Pattinson Packs a Punch In Good Time

2 minute read

In the early minutes of Josh and Benny Safdie’s Good Time, we meet Nick Nikas (Benny Safdie), a sullen young man who clearly suffers from some kind of intellectual disability, as he’s being quizzed by a kindly mental-health practitioner. Nick wears a hearing aid. His words come slowly–his pillowy lips can barely form them–and his eyes seem shut off from the world.
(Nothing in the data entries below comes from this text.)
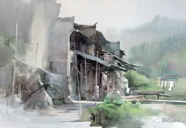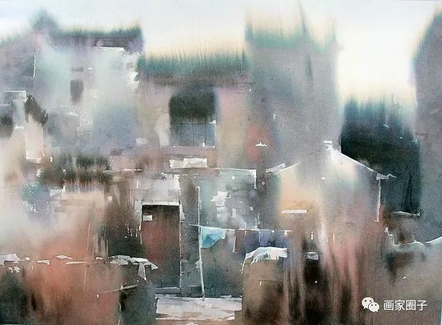 欣赏柳毅的水彩画时,就会油然产生一种“桃花流水窅然去,别有天地非人间”的幻觉。
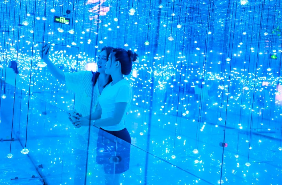 穿越光影斑駁的海洋通道,一個接一個的夢幻場景徐徐展開。在充滿青島海洋特色的全景海洋主題館,市民遊客彷彿置身海洋世界,忍不住與栩栩如生的海洋生物互動起來。走進“鏡子迷宮”裏,大家會和無數個自己相遇,只有靜下心來,才能逃離無限循環的鏡子世界;走入銀河之心體驗館,搖曳多姿的花藤串聯起明暗變幻、色彩斑斕的水晶燈,在室內打造出一個如夢似幻的空間,燈光在那片小天地中交相輝映,彷彿置身在浩瀚無垠的宇宙星空。
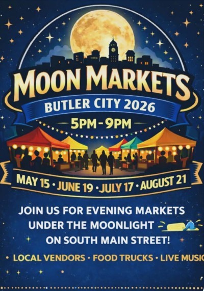 Join us on Main Street in Butler PA for Moon Markets Butler City!! Shop and have fun under the stars at this amazing Night Market This is a curated mix of unique Artisans and vendors! You can also enjoy the shops, restaurants and bars on Main Street who will remain open to greet you! Moon Markets Butler City will be held in conjunction with Foodie Fridays, another great event on Main Street!!
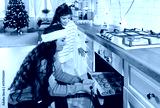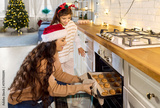 Christmas family baking cookies together in kitchen. Mother lifts a tray from the oven while daughter, a child girl, watches cozy holiday aroma fills home. Winter holiday baking together.
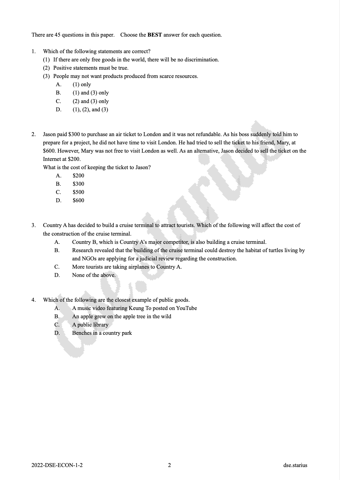 Best 7 45分考生製作 Econ Mock Set 1 Paper 1 (with Marking Scheme and Full Explanation)
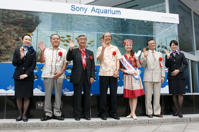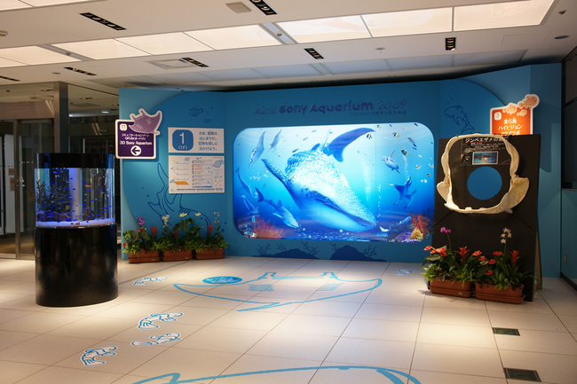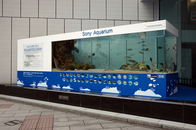 ソニービル屋外には、14トンの大型水槽を設置して本物の魚たちが泳ぎ、館内では沖縄
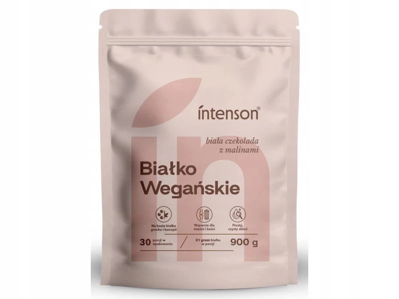 Intenson Białko roślinne to połączenie białka grochu (90%) z dodatkiem białka konopnego (2,8%) oraz naturalnych aromatów białej czekolady i malin.
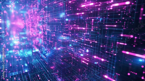 Fototapeta premium Abstract purple and blue digital network with glowing lights.
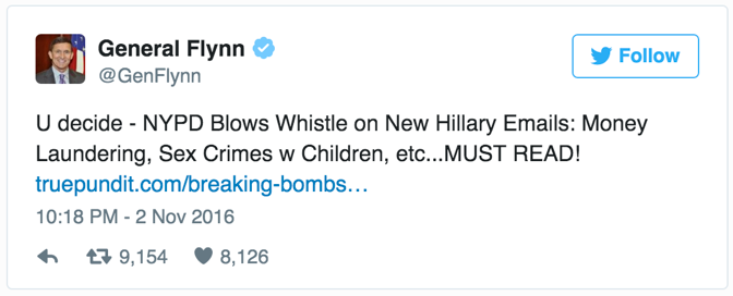 Once considered among the nation’s leading military officers, Lt. General Michael Flynn foresaw how social media would transform the world of war and politics. But after being fired from the Defense Intelligence Agency, he morphed into an adamant internet conspiracy theorist, falling victim to the very same forces he had warned against. (Michael Flynn/Twitter via TIME)
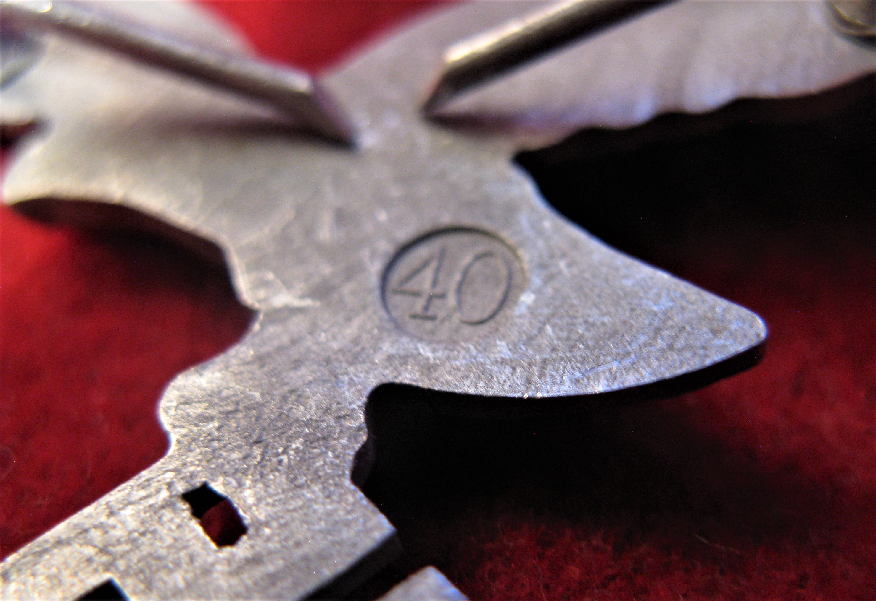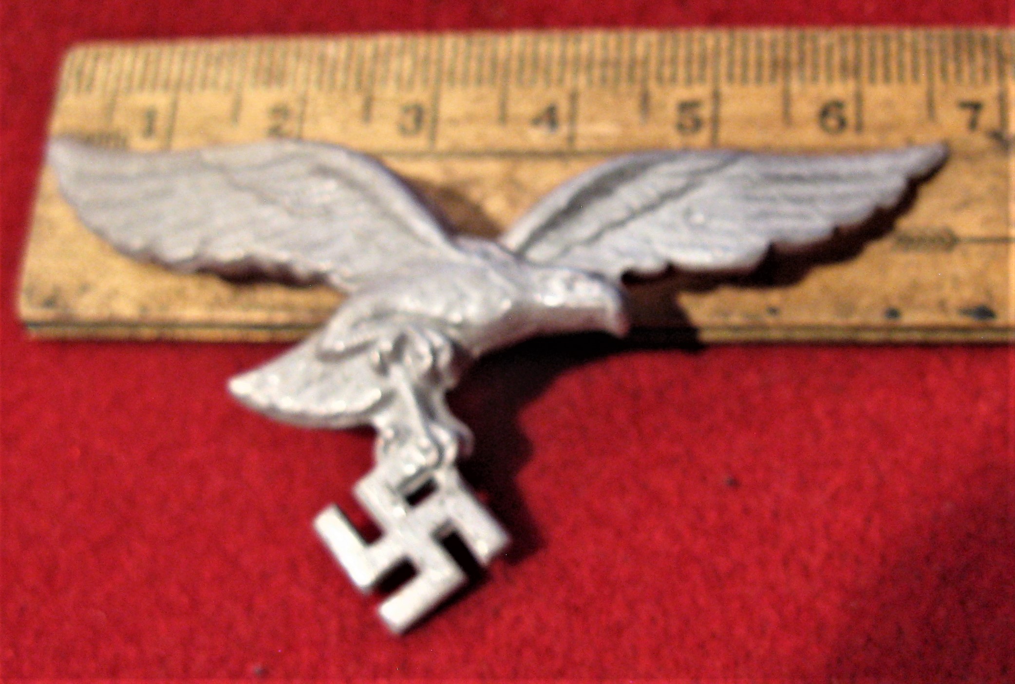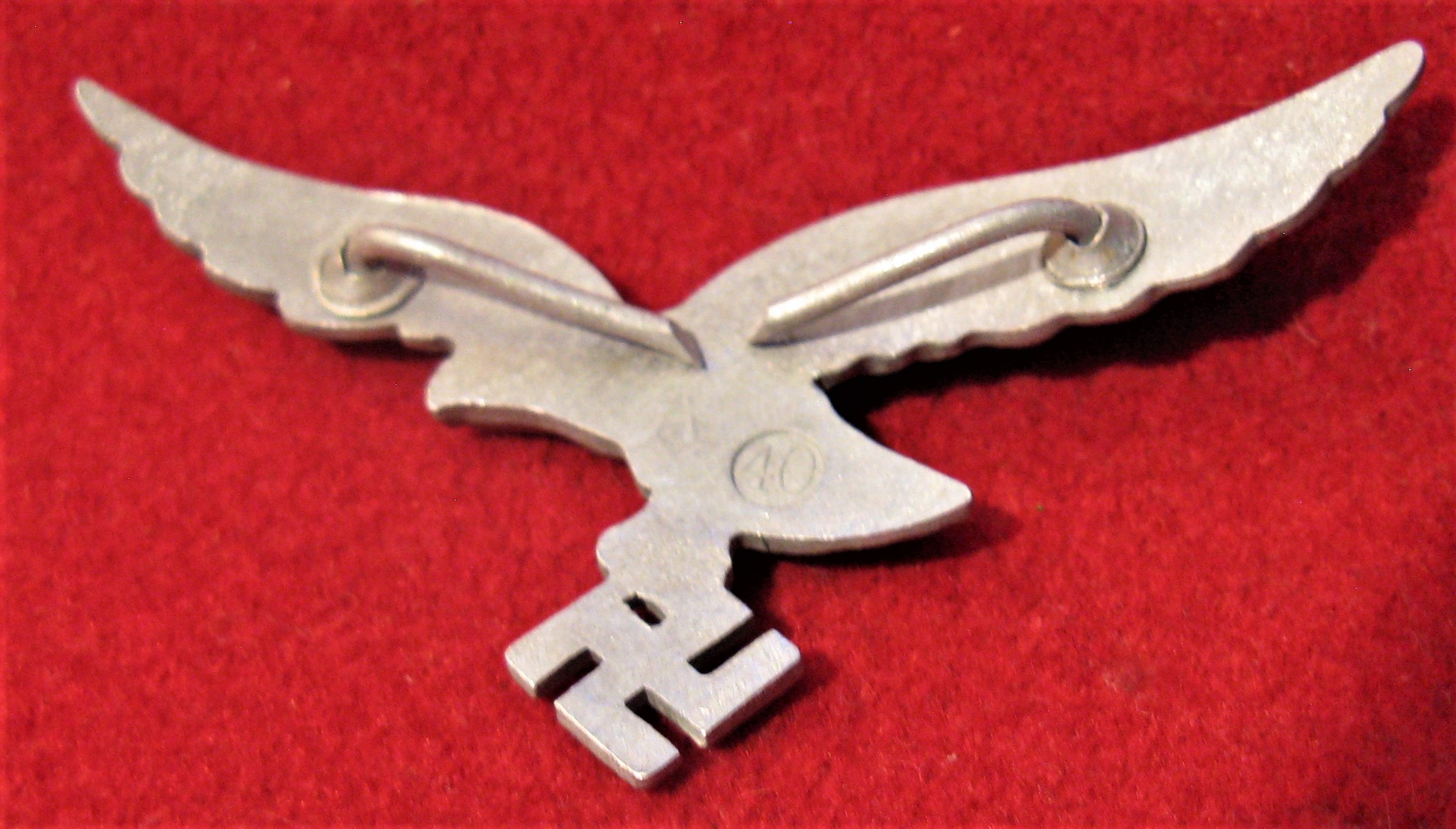 You are viewing a WWII era Eagle/Swastika Luftwaffe cap badge. It is a gray-toned version with the flying eagle clutching a swastika. Both of the wire clip-type attachments are original and in good order. Maker marked with a "40" inside a circle.. The badge is in excellent condition as is evident from the scans.
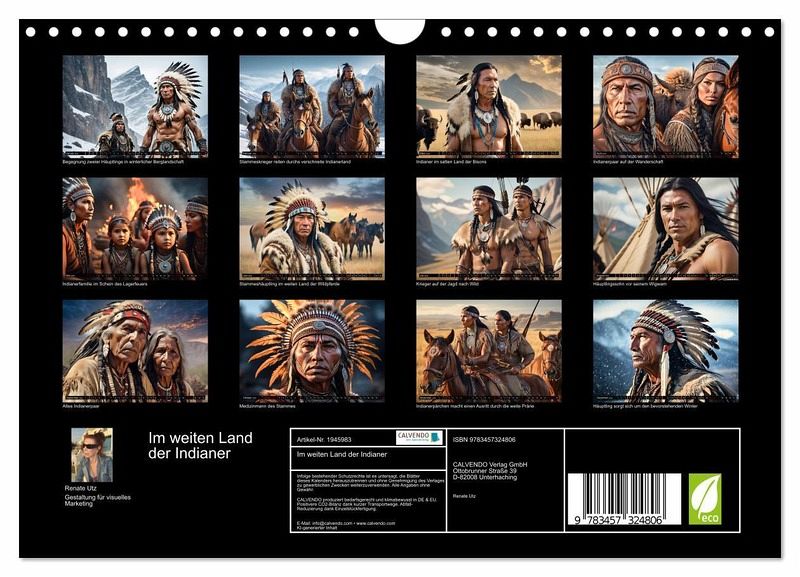 Begleite uns auf eine aufregende Reise durch die Welt der Indianer, die seit Jahrhunderten die weiten, unberührten Landstriche Nordamerikas bewohnen. Erlebe spannende Einblicke in das Leben und die Traditionen der indigenen Bevölkerung und vertiefe dein Verständnis für die indianische Kultur. Bestaune atemberaubende Bilder, welche die Vielfalt und Pracht der Natur sowie das reiche kulturelle Erbe der Indianer einfangen. Von den majestätischen Rocky Mountains bis hin zu den endlosen Prärien mit Bisonherden, deren Fleisch das Überleben der einzelnen Stämme sichert. Der mit KI kreierte Kalender von Renate Utz ist ein Fenster zu einer reichen und faszinierenden Kultur, die bis heute lebendig ist. Das ideale Geschenk für alle, die sich für Geschichte, Natur und indigene Kulturen interessieren.
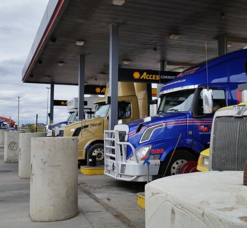 We stopped at a Truck Stop to refuel. Diesel up here is around $5 a gallon. Back home, it’s only $3.85. Ouch. Can you spot Blue?

When the shrink asks Nick what first comes to mind when he hears the words “scissors and a cooking pan,” his answer–as easy to read as a street sign–is, “You can hurt yourself with both.” Nick needs real help, but he’s not going to get it from his bad-apple brother Connie (Robert Pattinson), who manipulates Nick even as he protects him. The two are entwined in a figurative headlock of dependence and twisted affection. It’s a power struggle neither can bust out of.

The Safdie brothers’ fourth fiction feature is partly a study of dysfunctional brotherhood, partly a gritty-funny New York City crime caper. If you can tolerate the Safdies’ fondness for extreme closeups–the picture is shot largely in a mode I like to call Blackhead Theater–Good Time offers plenty of sweaty suspense laced with a few bittersweet laughs. But Pattinson is the real reason to see it: his Connie, wiry and intense, with beady, cracked-out eyes, is the kind of guy you’d cross the street to avoid. But by the movie’s end, you realize that his desperation veils a rush of longing. For what? Pattinson plays Connie as a guy who just doesn’t know–and that not knowing dogs him like a silent, persistent ghost.